Giro del destino

El cielo plomizo de noviembre la saludó cuando salió directa a recoger el correo de la mañana. Se arrebujó dentro de la bata, mientras que con la mano derecha acariciaba su ya incipiente tripa de embarazada. Cómo la apetecía un chocolate caliente, pensó mientras cerraba la puerta detrás de sí.

—¡No! —el grito de Elena resonó por todas las paredes del salón.

La mano de la antigua agente del CNI, aferraba un trozo de papel junto a la foto de su hija mayor dónde la informaban del secuestro de la menor y le indicaban las instrucciones para su liberación. Volvió a releer la maltrecha nota: tenía que ir sola a la antigua central nuclear de las afueras y llevar consigo el plano de la situación del arsenal con los explosivos requisados al grupo terrorista Al-Qaeda.

«¡Dios! ¡No! ¡Imposible! ¿Qué hago? Roberto. Exacto» Pensó Elena, mientras buscaba nerviosamente el móvil.

Ring, ring… Buenos días mi amor —la voz dulce del otro lado de la línea consiguió traerla algo de paz.

—Cariño. La nena. No está. Han enviado una nota. El arsenal. No puedo. Esa información ¡no! Pero mi nena. Pobre. Sola, asustada. Seguro… —balbuceó la mujer.

—Tranquilízate e intenta explicármelo todo. —Y tras unos instantes de silencio, la exagente del CNI, le relató a su esposo lo ocurrido: el secuestro, la nota…

—¿Qué hago? —El miedo atenazaba la voz de Elena.

—Haz lo que te han dicho. Yo me voy al aeropuerto e intentaré coger el primer vuelo de vuelta que haya —Y la conversación se interrumpió.

El reloj del Corolla marcó las doce de la noche, y lentamente se ajustó el pasamontaña negro, justo antes de dirigirse a su destino.

El cartel amarillo y negro de Peligro Nuclear, colgado en la valla refulgía en la oscuridad que la rodeaba. Cogió la cinzaya dispuesta a cortar el alambre y colarse dentro del perímetro de la central.

—Shhh. No te asustes. He venido a ayudarte —un susurro masculino la sobresaltó.

—Pero qué… —Y todos sus músculos se pusieron en alerta.

—Me llamo Felipe Sanz, cabo primero de la Guardia Civil. No pongas esa cara. Lo único que necesitas saber es que estoy aquí, y dispuesto a buscar y rescatar a tu hija. Las preguntas; mejor después —Y dicho esto se aventuró a través del agujero que Elena había hecho en la alambrada.

Sin intercambiar más palabras, la exagente del CNI lo siguió, agradecida a su marido por haberle enviado aquella ayuda. Todo a su alrededor reflejaba podredumbre y miseria, algunos de los edificios mostraban su esqueleto sin pudor, dibujando fantasmagóricas sombras en el sucio alquitrán, que estaba decorado con viejos bidones de gasolina. Buscaban incesantemente un recoveco por donde colarse sin ser vistos. Llegaron a la parte trasera de la edificación principal…

—¡Quietos! Levantad las manos muy despacio. No quisiera tener que dispararos —el vozarrón de uno de los secuestradores les sorprendió.

 A punta de pistola los guiaron a ambos, hasta llegar al lugar donde se encontraba su hija.

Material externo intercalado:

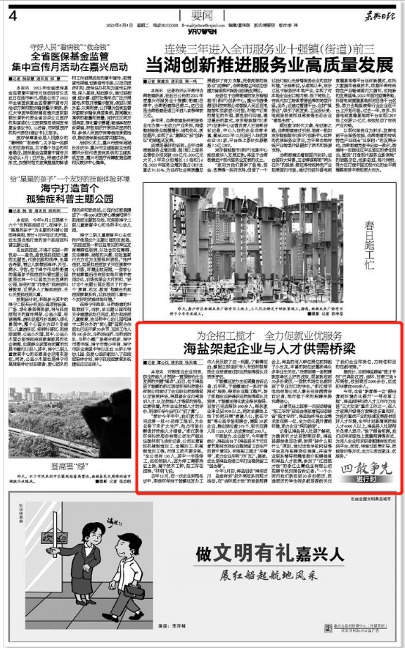 4月4日,《嘉兴日报》关注报道海盐为企招工揽才,全力促就业优服务,架起企业与人才供需桥梁。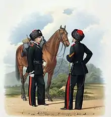 Les cosaques de Sibérie portent traditionnellement des bandes de pantalon, des pattes d’épaule et des casquettes à bandeaux vermeils sur un uniforme vert olive[2].

—¡Amor! ¿Te encuentras bien? —Y Elena se abalanzó sobre la pequeña sin importarle ni los captores ni las armas que llevaban.

—Veo que no has venido sola. Bueno, eso ya da igual, lo importante es saber si has traído la información que te pedimos —aquella voz la era conocida, muy conocida.

—¿Roberto? ¿Tú? ¿En Al Qaeda? No es posible —La boca de la mujer fue más rápida que su cerebro.

—Sí mi amor, soy yo. ¿Sorprendida? —dijo él justo antes de proferir una sonora carcajada.

Cómo si de una pantera, rápida y mortal se tratara, Elena se abalanzó sobre su marido, para acto seguido enzarzarse en una cruenta pelea. Ambos luchaban por la pistola que sujetaba él, mientras que el cabo se despachaba con los otros dos secuestradores.

¡Bang! Y Roberto cayó muerto a los pies de la mujer que sostenía todavía el arma humeante.

Madre e hijas, fueron libres: una viuda, y las otras dos huérfanas.